Tuesday, March 30, 2010

3-30-10 The Constitution

This isn't really one of those controversial subjects, at least not as much so as my last few posts. I took AP Government in high school and learned a lot about America's governing document as well as some court cases that help it shape our legal system. The thing is, that is rare knowledge today. Not a lot of young people (or older people) opt to learn about the Constitution, and then when something huge like health care reform happens, they all scream "This is unconstitutional!" When, really, it's not. Those words alone are the siren call of the uneducated, angry American, who, more often than not, is conservative. I have called things unconstitutional before, because they actually are. I wrote a paper about the water-boarding of prisoners at Guantanamo bay and how it was unconstitutional based on previous court cases involving non-citizens, as well as the Geneva Convention. Turns out Obama outlawed it in January 2009, a year after I wrote the paper.

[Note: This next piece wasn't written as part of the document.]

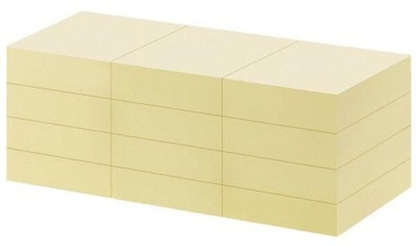 Office Depot 38x50mm újrahasznosított öntapadós 12db sárga jegyzettömb - 80%-ban újrahasznosított alapanyagból - 100 lap/tömb - 12 tömb/csomag - Méret: 38 x 50 mm - Szín: sárga

So what about health care reform? Is there a chance that all the people calling it unconstitutional are right, and that it will be repealed in the future? I highly doubt it. Thanks to Facebook, the average conservative's opinion on health care is incredibly obvious to me. I've seen people say things like "The government can't make me pay MORE taxes for that!" and "We have a constitutional right to freedom!" or "What if I don't want health care? Obama shouldn't decide for me!" I hope whoever reads this can plainly see the error in the first two "arguments" against the legality of health care. If not, allow me to elucidate.

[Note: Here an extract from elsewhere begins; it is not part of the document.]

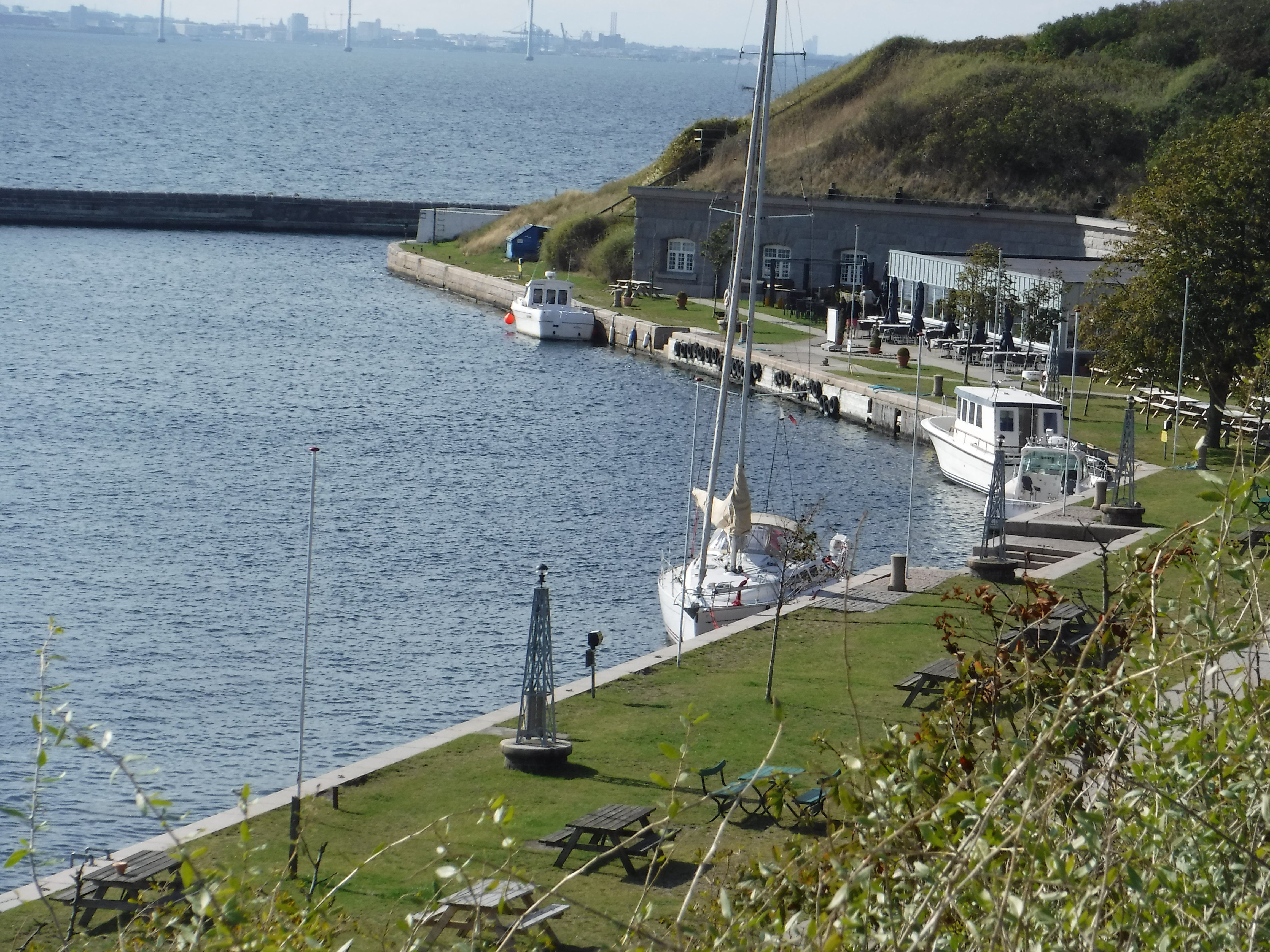 Flakfortet, for dem som ikke kender det, ligger 1 1/2 times sejlads fra KBH ude i Øresund. Det blev bygget i 1914 af forsvaret. Samtidigt byggede de Middelgrunden. De skete ved at de tog nogle gamle skib, fylde dem med sten, sejlede dem ud og sænkede dem. Så havde de en platform til at bygge videre på. Her er nogle billeder fra Flakfortet. Kanonerne er væk og det er et fredeligt sted hvor der er indrettet et “Sailors Corner” med grill pladser og picnic borde. Det er et favorit destination for Københavnske sejlere for en aften eller weekend.

So, Mr. Joe Sixpack, the government can't make you pay taxes? Especially not if the money goes to undeserving other people? I suppose welfare and social security are completely foreign concepts, then. And, the government really can tax you for whatever they want. Thanks to the Boston Tea Party (and I don't mean that tea party for religious wingnuts who have no idea what the actual Tea Party was) which was a reaction to Britain government placing a tax on tea in America. Though the authoritative relationship between England and the Colonies was questionable at the time in that America was becoming bit of a rebellious teenager to Mother Britain, Americans agreed that they shouldn't be taxed by a government that did not directly represent them. Although a few people in 2010 may feel their government doesn't represent them, they do. American citizens voted for the senators and representatives who vote on and occasionally draft bills that the President must sign or has already proposed in order to be enacted. The entire basis of our representative government is that our Legislative branch acts in the best interest of their electorate. If you don't like your senator, maybe you should go out and vote next election. In summary, as long as a bill for taxation of things is passed in the House, Senate and signed by the President, they can take your money for whatever they want.

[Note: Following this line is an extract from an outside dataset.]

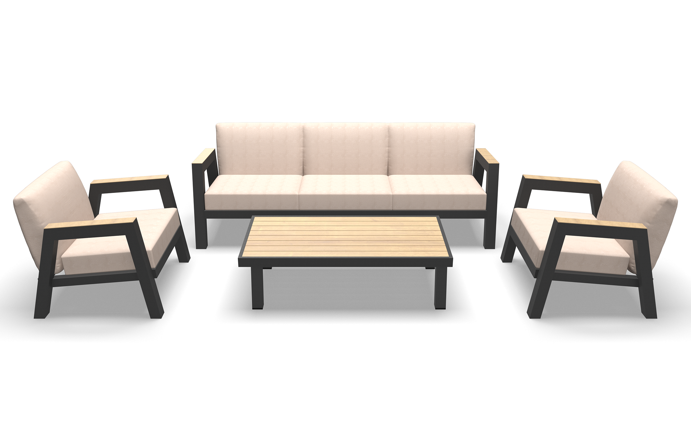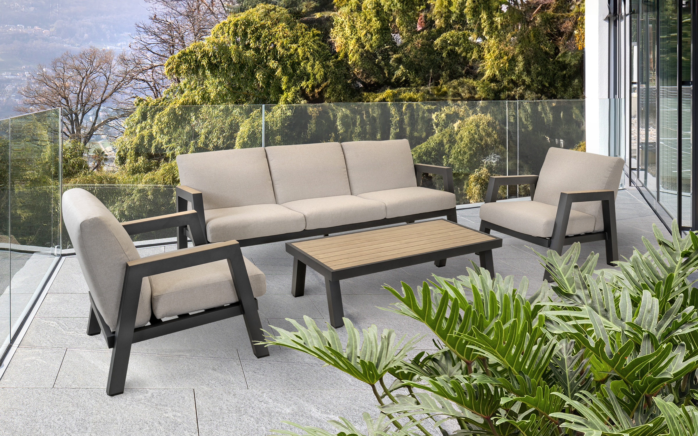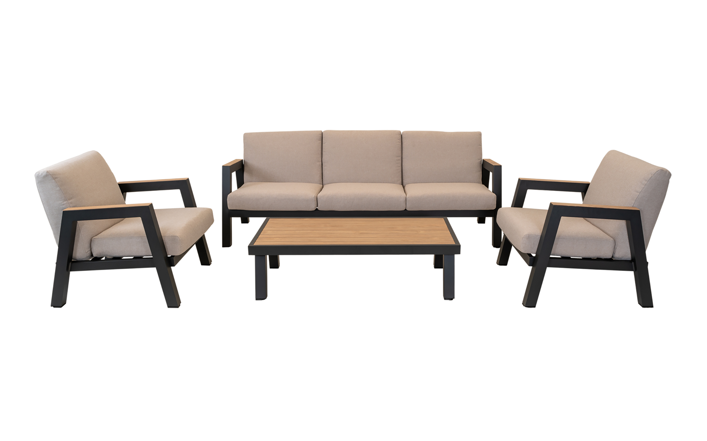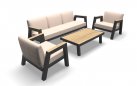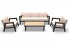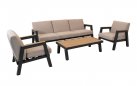 MANU Zestaw wypoczynkowy ogrodowy sofa 3‑osobowa, 2 fotele i stolik – rama antracyt, poduszki beżowe, woodlook

Argument number two, freedom. Apparently, we have a constitutional right to it. This is either an uneducated statement or a vast generalization of the specific freedoms granted to us by the First Amendment. They are Freedom of/from Religion, of speech, press, petition, and assembly. If we had "a constitutional right to freedom," there would be absolute anarchy in the USA, which, after a long enough cycle of chaos and danger, would loop back around to forming a basis for a government according to John Locke's Second Treatise of Government. According to this theory, in a state of anarchy people will begin to fear for the safety of their unalienable rights and will give up certain powers and make crude laws to protect them. This, of course, can go on and expand to full-blown Democratic or Parliamentary government.
That's not important. Even if we did have a constitutional right to "freedom," which is a very broad term, I'm not entirely sure that health care reform is encroaching upon it.

And then there are people who just don't want health care and feel they are being forced into unnecessary spending. This may be the one argument I have very little to say about, but only through thinking in selfish, Lockean manner. If one, as James Madison said, extend the sphere and begin thinking in a classical republican manner, the realization should be that one's fellow man is being neglected. Now I must point out that the term 'classical republican' is in no way a contrived jab at conservatives or the republican party, but is in fact a theory of government most well documented by Plato. In essence, the classical republican theory explains that in a democratic setting men will work together and make sacrifices not for himself, but for the preservation of his country and his fellows. This can also be summed up by taking a few words from Star Trek II: "The needs of the many outweigh the needs of the few. Or the one." Health care reform, in this sense, is a very classically republican piece of legislation. The people of the nation pay a small amount so that everyone can afford to go to the doctor.

One last reason my Facebook friends are getting upset over this thing is that it funds elective abortions. Instead of making this entry twice as long I suggest you read my previous post for my stance on that whole mess.

Now I would like to present some facts on the health care bill, but doing so would basically be plagiarizing this Huffington Post article. This article presents the bill in a very straightforward manner, and I will leave it to you to form your own, hopefully informed, opinions.